This weekend I return to SG for one more semester of teaching and research. It marks the beginning of the end of my stay in this interesting–some might say remarkable–SE Asian country, as I will return permanently to NZ in five months. While engaging in my academic responsibilities I will continue to build the nascent political risk consultancy I have established in NZ, chasing down some potential leads and developing the web site concept in order to reach a larger audience and client base. Come June I will be doing that full time.
It has been wonderful to have spent the last two months in NZ, and out on the Auckland west coast in particular. I made in down to the South Island for the holidays, but mostly enjoyed a remarkable run of weather as I reclaimed my home and restored my roots in the community in which it is located. In spite of its problems, I often feel that Kiwis do not fully appreciate how lucky they are and how (relatively) minor the majority of its social and political problems tend to be (some notable and unfortunate exceptions notwithstanding). Â In the larger scheme of things it may not be exactly Godzone but it sure is a darn good place to live–and I say this having personally experienced the downside of NZ in the form of my direct exposure to unethical academic management and duplicitous politicians who say one thing then do another without regard to the costs imposed on innocents and the country’s international reputation. But even then, a few ethically bankrupt elites do not detract from the broader, more positive picture.
In any event I plan to compile a short “to-do” list of places in SE Asia to visit while back in SG (one mayor attraction of the country is that it is a transportation hub with many options when it comes to regional travel). Since I enjoy open water swimming and snorkeling, the top of my list is the Bornean East Coast, which I understand is unspoiled and non-touristy (which is why I have no interest in Bali or the tacky Thai resort destinations). I have been to Pulau Tiomen and Bintan, so want to go further afield in the search of reefs, surf and fish. If anyone has suggestions along those lines, I am all ears.

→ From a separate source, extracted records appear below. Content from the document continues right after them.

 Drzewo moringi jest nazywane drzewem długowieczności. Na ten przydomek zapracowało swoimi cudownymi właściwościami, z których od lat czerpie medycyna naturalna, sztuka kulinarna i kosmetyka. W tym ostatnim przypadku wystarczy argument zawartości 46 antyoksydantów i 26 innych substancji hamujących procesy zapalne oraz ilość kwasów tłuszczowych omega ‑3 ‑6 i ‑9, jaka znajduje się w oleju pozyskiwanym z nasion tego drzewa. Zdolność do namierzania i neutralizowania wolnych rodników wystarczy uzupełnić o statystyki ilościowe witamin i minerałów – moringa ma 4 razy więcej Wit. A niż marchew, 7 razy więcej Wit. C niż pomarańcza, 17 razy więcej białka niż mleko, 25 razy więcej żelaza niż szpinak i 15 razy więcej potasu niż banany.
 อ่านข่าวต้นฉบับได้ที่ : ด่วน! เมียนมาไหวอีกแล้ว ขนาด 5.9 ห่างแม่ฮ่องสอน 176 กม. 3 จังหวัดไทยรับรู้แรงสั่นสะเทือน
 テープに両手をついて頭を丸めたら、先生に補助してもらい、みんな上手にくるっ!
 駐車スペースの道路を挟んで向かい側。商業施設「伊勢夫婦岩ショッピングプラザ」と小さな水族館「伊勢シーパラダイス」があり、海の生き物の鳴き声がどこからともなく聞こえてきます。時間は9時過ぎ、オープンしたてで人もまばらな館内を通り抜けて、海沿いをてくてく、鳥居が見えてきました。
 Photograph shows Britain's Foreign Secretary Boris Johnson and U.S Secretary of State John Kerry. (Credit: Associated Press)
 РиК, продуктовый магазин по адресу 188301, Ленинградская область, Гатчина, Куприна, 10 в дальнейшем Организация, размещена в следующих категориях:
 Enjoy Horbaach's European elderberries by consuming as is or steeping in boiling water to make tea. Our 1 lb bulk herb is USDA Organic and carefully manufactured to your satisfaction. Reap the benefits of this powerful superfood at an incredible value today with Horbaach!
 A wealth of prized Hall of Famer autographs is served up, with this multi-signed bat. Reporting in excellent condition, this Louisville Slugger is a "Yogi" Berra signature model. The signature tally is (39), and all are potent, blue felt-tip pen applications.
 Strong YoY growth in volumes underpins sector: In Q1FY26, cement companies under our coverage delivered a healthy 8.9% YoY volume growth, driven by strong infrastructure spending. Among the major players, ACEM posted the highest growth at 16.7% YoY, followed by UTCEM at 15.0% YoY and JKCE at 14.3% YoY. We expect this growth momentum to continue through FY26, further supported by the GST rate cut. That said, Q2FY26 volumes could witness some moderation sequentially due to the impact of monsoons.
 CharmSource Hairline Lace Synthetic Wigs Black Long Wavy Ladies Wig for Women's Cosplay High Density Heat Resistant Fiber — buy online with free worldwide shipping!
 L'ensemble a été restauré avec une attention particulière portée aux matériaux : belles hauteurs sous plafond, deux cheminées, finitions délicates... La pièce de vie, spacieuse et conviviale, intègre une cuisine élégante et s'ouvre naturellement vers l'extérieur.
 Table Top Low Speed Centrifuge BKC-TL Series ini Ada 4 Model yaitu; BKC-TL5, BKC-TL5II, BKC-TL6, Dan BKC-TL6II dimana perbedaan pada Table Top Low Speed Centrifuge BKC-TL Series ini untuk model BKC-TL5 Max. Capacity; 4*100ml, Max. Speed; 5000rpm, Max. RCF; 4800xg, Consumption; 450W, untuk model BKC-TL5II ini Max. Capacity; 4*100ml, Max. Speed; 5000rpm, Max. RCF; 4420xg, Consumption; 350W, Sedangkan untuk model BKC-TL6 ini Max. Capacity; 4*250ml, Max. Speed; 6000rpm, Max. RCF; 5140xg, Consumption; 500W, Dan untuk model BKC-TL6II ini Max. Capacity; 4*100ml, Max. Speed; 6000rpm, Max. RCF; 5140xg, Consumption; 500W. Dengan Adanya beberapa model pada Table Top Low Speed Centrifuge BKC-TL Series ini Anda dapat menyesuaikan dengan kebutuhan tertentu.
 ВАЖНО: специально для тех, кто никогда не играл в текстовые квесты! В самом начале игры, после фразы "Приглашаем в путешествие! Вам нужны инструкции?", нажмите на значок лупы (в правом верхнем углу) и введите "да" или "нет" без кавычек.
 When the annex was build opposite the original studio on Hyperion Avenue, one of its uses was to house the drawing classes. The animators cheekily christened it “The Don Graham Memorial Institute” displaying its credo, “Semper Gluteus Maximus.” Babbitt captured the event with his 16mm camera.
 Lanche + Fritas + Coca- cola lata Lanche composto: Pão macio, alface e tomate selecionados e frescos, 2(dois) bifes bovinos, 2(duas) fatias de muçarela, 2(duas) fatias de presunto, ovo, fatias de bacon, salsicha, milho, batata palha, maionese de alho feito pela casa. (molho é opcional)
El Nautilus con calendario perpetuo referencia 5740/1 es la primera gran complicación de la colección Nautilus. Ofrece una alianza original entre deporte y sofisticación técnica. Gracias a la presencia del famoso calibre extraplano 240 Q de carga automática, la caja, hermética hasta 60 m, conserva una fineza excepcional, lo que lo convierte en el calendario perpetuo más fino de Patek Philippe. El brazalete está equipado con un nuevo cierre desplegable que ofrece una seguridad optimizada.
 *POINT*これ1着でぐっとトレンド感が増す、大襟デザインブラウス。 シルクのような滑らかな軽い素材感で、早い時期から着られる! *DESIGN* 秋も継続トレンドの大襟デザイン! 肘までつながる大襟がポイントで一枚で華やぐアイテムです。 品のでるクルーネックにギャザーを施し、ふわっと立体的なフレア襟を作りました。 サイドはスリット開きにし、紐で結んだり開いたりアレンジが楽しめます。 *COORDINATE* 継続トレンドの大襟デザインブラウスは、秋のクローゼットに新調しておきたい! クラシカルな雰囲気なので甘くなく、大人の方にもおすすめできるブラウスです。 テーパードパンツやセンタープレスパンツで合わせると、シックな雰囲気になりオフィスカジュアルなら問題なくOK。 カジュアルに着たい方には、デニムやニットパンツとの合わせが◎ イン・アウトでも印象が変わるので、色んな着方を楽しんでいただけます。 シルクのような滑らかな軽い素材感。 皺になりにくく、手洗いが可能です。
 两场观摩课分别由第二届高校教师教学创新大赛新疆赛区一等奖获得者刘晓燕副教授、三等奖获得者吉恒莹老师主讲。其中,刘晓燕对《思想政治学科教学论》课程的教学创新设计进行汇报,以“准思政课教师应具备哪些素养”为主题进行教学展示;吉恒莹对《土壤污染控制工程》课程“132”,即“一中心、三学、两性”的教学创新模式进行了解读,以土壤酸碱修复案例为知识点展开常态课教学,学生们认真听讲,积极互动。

I will continue to post and attempt to contribute to NZ policy discussions while finishing up in SG, and look forward to what promises to be another interesting chapter in a life yet to be fully played out on either a personal or professional level.
I got my PADI Open Water in Pulau Weh, Aceh late 2010. The diving was beautiful, and since Banda Aceh is a short direct flight from KL, it might be something to consider. And of course, Aceh’s post-conflict, post-disaster highly religious society on the edge of the region is particularly interesting in and of itself. It’s a remarkable place. Pulau Weh sits on the edge of the Straights of Malacca, and was a major shipping port early 20thC. There was a plan to build a major seaport there in the 2000s, but nothing has come of it.
At the other end of the archipelago is the Raja Ampat Islands in Papua, and a friend who works with WWF marine guys says they rate it as possibly the best dive site in the world. More difficult to get to, obviously. I’m planning to get there some time in 2011, insyallah. I don’t know about surf in the archipelago, you’ll have to take other advice on that…
Thanks George. I am thinking more of Sabah than any place else, but your pointers give me food for thought. Trouble is, I have to do the trip during the university semester break, so have limited time to travel.
I just spent 4 days around Sandakan, which included 2 nights on Libaran Island. We included a trip to Bakugan Kechil island which had a glass bottom boat ride – which was useless, as they drove too fast, and the glass wasn’t clean. However, we did get a chance to go snorkelling, which was great. The fish weren’t as varied as at Mele island, Vanuatu, and the coral not as good as in the Red Sea, but it was still pretty good.
However, the highlight of the trip was travelling to the Turtle Hatchery on Selingan Island. We got to see a Green Turtle laying its eggs, transferral of the eggs to the hatchery, and the release of the turtles that had hatched that day. A fantastic experience – highly recommended.
We also had a late afternoon boat trip on a tributary of the Sukau river, and got to see 3 species of Macaques, Proboscis Monkeys, and an Orangutan in the wild. The Sepilok Orangutan Rehabilitation Centre gave us the chance to get a good close up views of Orangutans and Macaques, and also a Green Pit Viper.
Cheap clothes in markets and malls in Kota Kinabalu as well.
Hope this helps.
Seligan Island is on the itinerary (the place we are staying is on a peninsula about 30 min. by boat from it). We’ll spend a night in KK on the way in and out and will look to do at least one of the river trips. The main purpose of the trip is to find clean water and reefs to swim/snorkel in/on.